[GIVEN RECORDS — start]
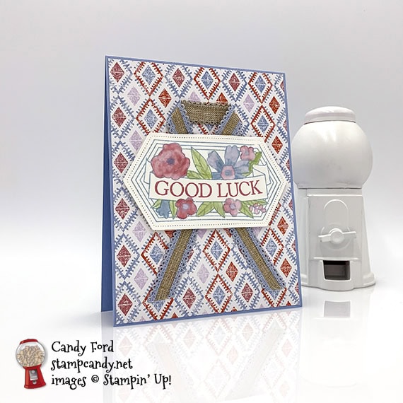 Today I’m sharing a card made with the Bloom & Grow stamp set and Botanical Tags Dies. The colors are from the Woven Threads Designer Series Paper I used, and some Pearl Basic Jewels colored with a Stampin’ Blends Marker finish off the card.
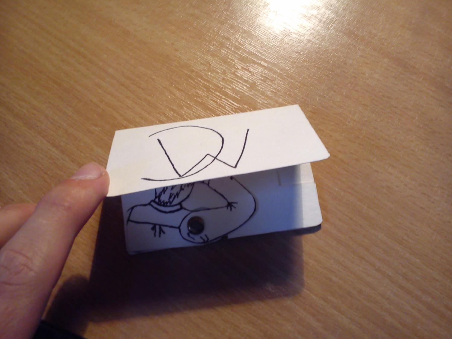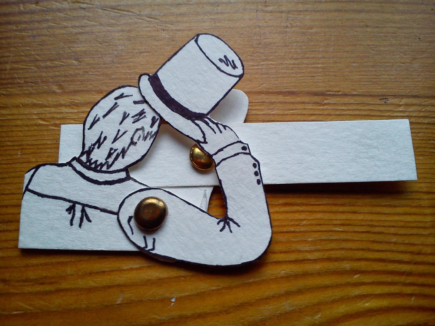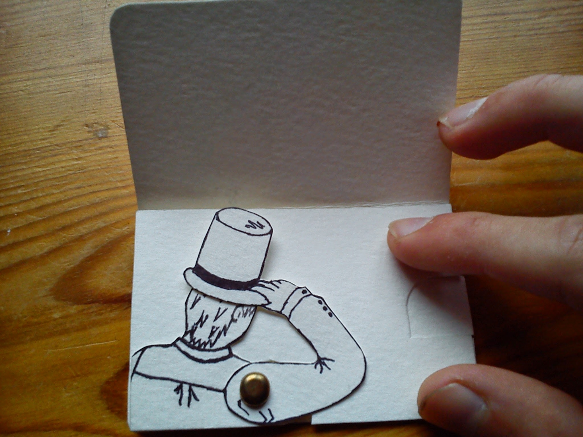 This is my hand made card business card which uses paper mechanics to make it interactive. By pulling the tab the arm with the top hat will move raising the hat off of his head.
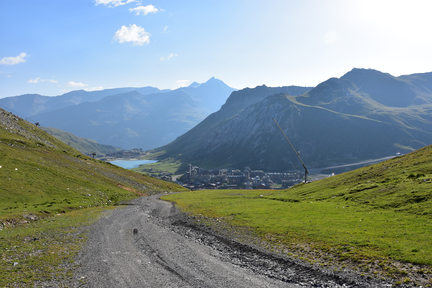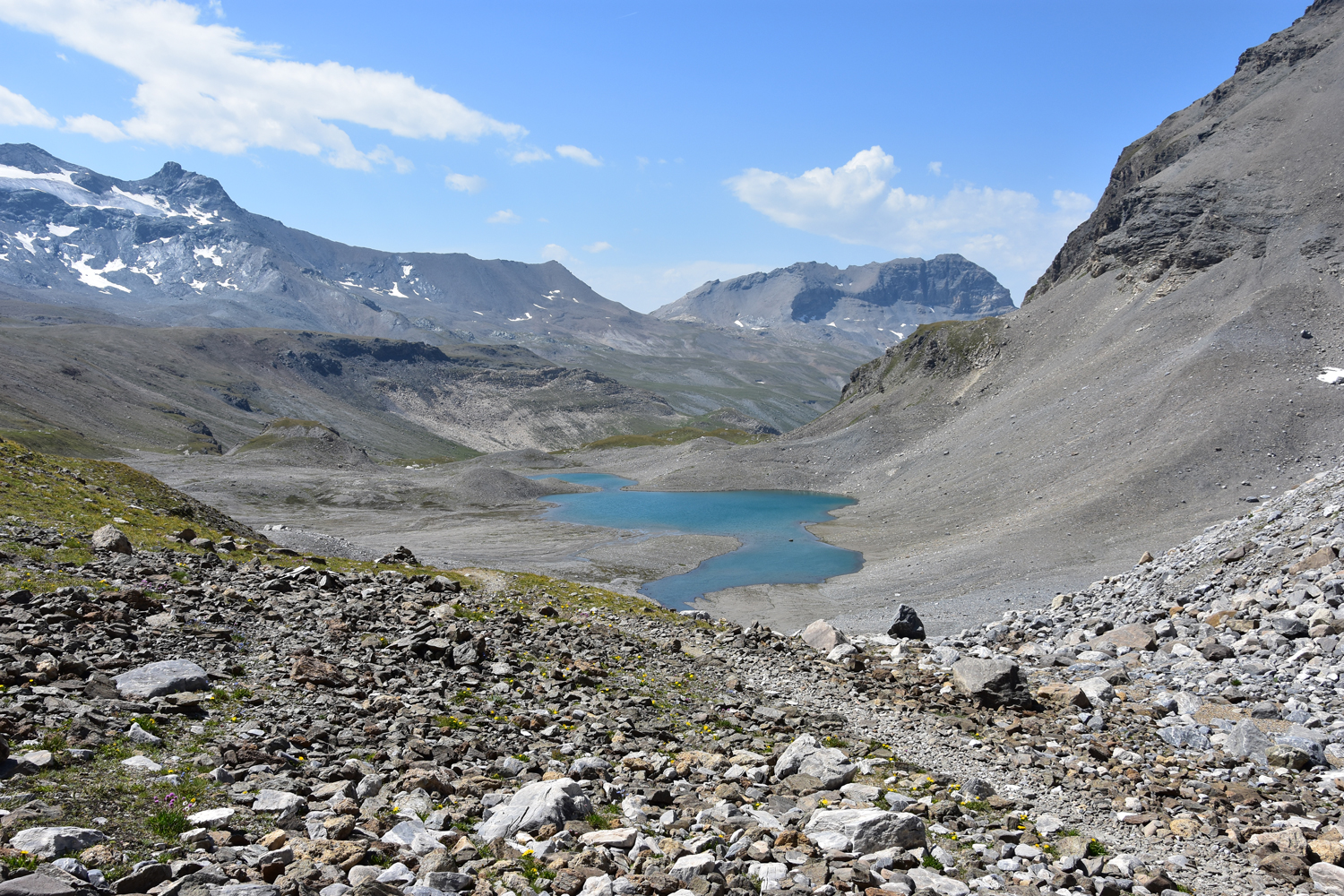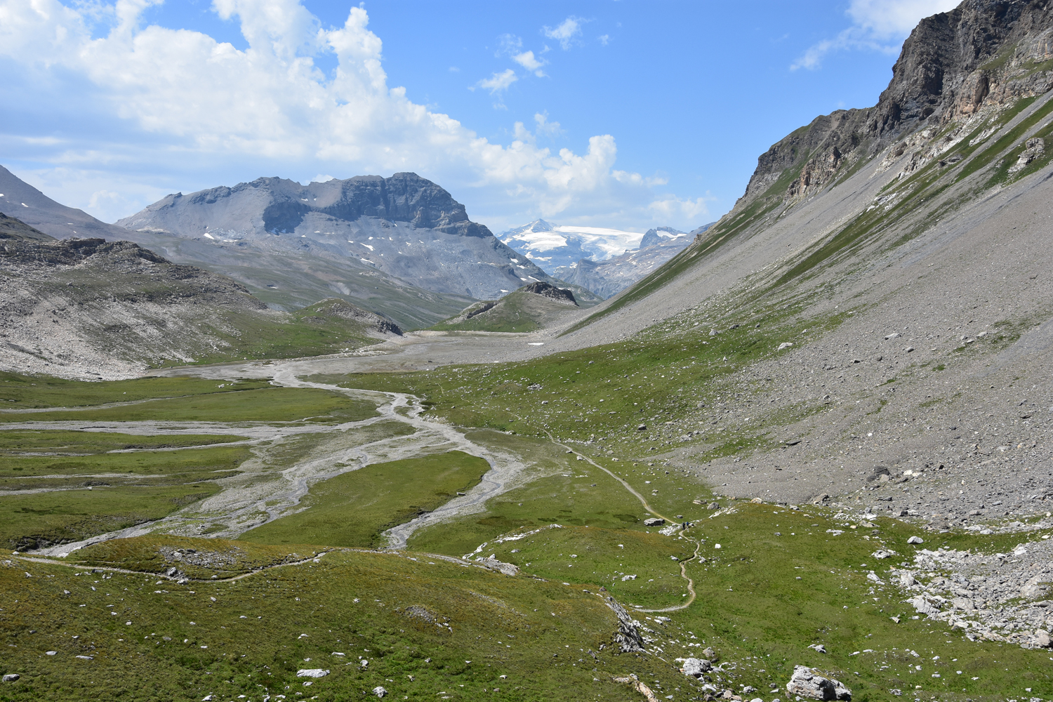 Ein Abstieg von rund 500 Höhenmetern über sommerliche Skipisten bringt mich nach Val Claret. Hier verlasse ich den GR 5; die nächsten drei Tage werde ich auf dem GR 55 unterwegs sein. Der anschließende Wiederaufstieg verläuft zunächst parallel zu einem Sessellift; erst ab etwa 2500 m Höhe kann man wieder richtig die Natur genießen. Ein bequemer, flacher Wanderweg führt zum höchsten Punkt des heutigen Tages, dem Col de la Leisse. Eigentlich wäre hier eine längere Pause geplant gewesen, aber es bläst ein recht starker Wind, und geschützte Plätze gibt es in Passnähe wohl keine. Daher wandere ich noch ein gutes Stück in südwestlicher Richtung, bis ich die Mittagspause nachholen kann.
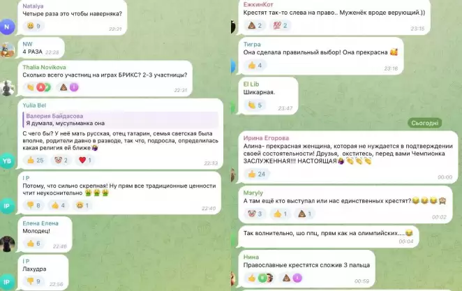 Россияне обратили внимание, что «христианка» неправильно выполняет жест, ведь держать в таком положении нужно три пальца. Кроме этого, она начертила крест в направлении спортсменки четыре раза.
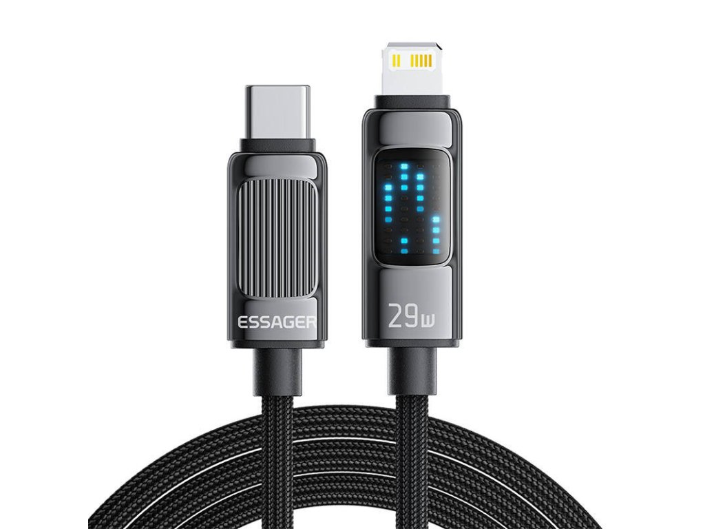 Looking for a durable cable to charge your iPhone? The Essager cable is the answer to your needs! It offers up to 29W of power, and with Power Delivery support, charging won't take too long. It features a small display that will not only keep you in control of the charging process, but also make it easy to locate the cable in the dark! The cable will also work well for transferring files between devices at speeds of up to 480 Mbps.
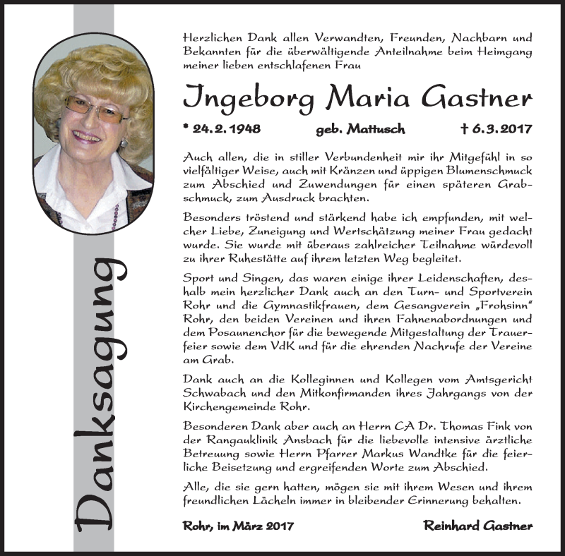 Hier finden Sie alle Traueranzeigen aus der Zeitung, die bisher für Ingeborg Maria Gastner erschienen sind. Weitere Traueranzeigen, die in der Zeitung erscheinen, werden hier ebenfalls aufgelistet
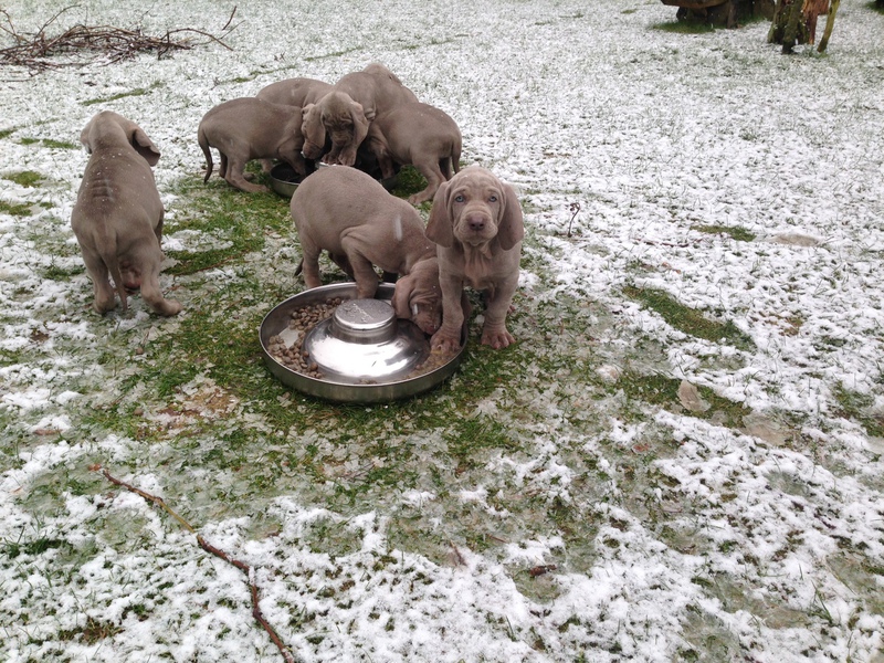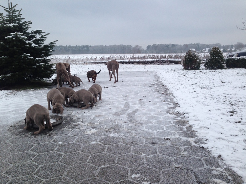 23.01. Die Welpen erkunden den Garten, fressen und fressen. Aska ist wieder fit. Jetzt beginnt die wilde Zeit.
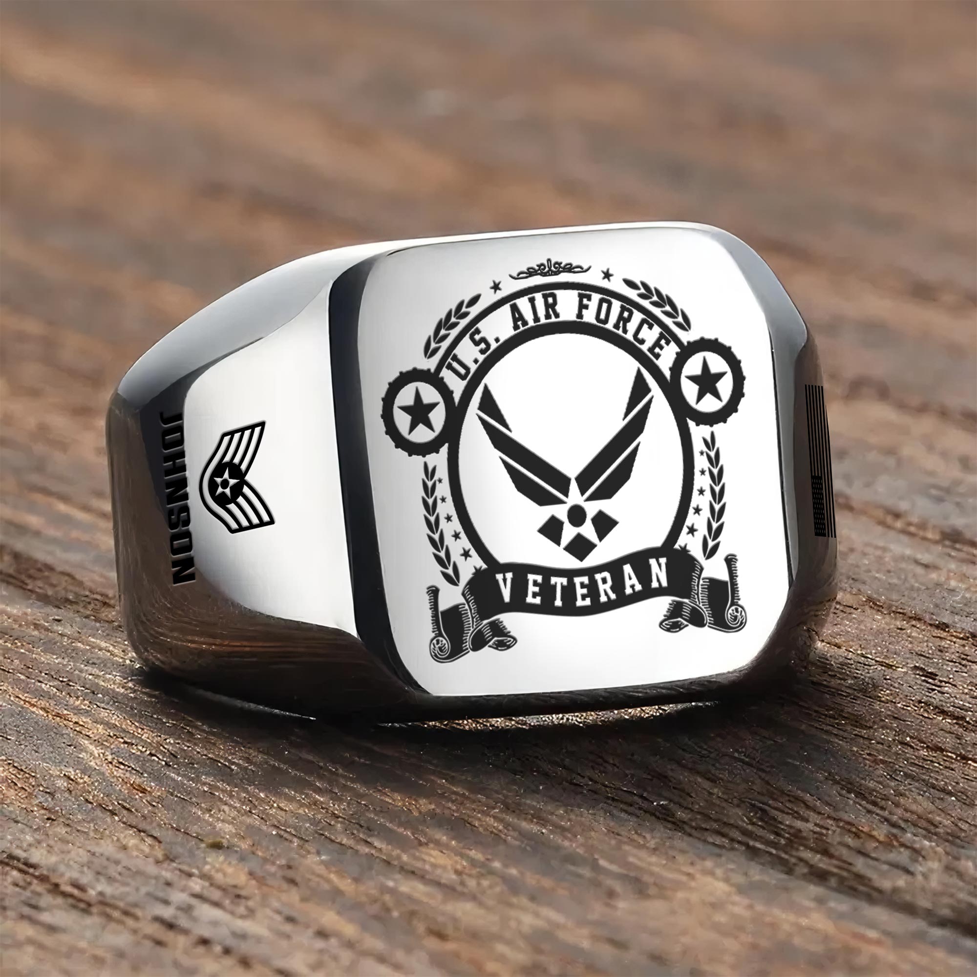 You’re enabled to customize your name, rank, rating, etc. to have them printed on the personalized engraved men’s ring. Create a unique piece that reflects your military journey and personal achievements.
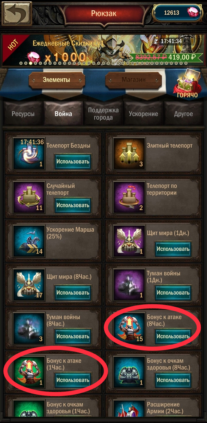 - Элемент «Бонус к Атаке». Добавляет 15% к силе атаки. Его еще называют баф или буст. У него есть брат-двойняшка «Бонус к очкам здоровья». Их можно купить в магазине альянса за Честь Альянса — на 1 час. В магазине в рюкзаке за алмазы — на 8 часов или сутки. Они выпадают как награды во время некоторых этапов «Самый сильный господин». Так же существуют их более крутые модификации «Улучшенный бонус атаки» — добавляет аж 25% к силе. Встречается чаще всего в пакетах за донат.
[GIVEN RECORDS — finish]
## WHAT THE TASK REQUIRES
Exactly the lines running from the one with "23.01. Die Welpen" through the end of the listing above must be output, both ends included. No pictures belong in the output.

## RESPONSE TO THE EXERCISE
 23.01. Die Welpen erkunden den Garten, fressen und fressen. Aska ist wieder fit. Jetzt beginnt die wilde Zeit.
 You’re enabled to customize your name, rank, rating, etc. to have them printed on the personalized engraved men’s ring. Create a unique piece that reflects your military journey and personal achievements.
 - Элемент «Бонус к Атаке». Добавляет 15% к силе атаки. Его еще называют баф или буст. У него есть брат-двойняшка «Бонус к очкам здоровья». Их можно купить в магазине альянса за Честь Альянса — на 1 час. В магазине в рюкзаке за алмазы — на 8 часов или сутки. Они выпадают как награды во время некоторых этапов «Самый сильный господин». Так же существуют их более крутые модификации «Улучшенный бонус атаки» — добавляет аж 25% к силе. Встречается чаще всего в пакетах за донат.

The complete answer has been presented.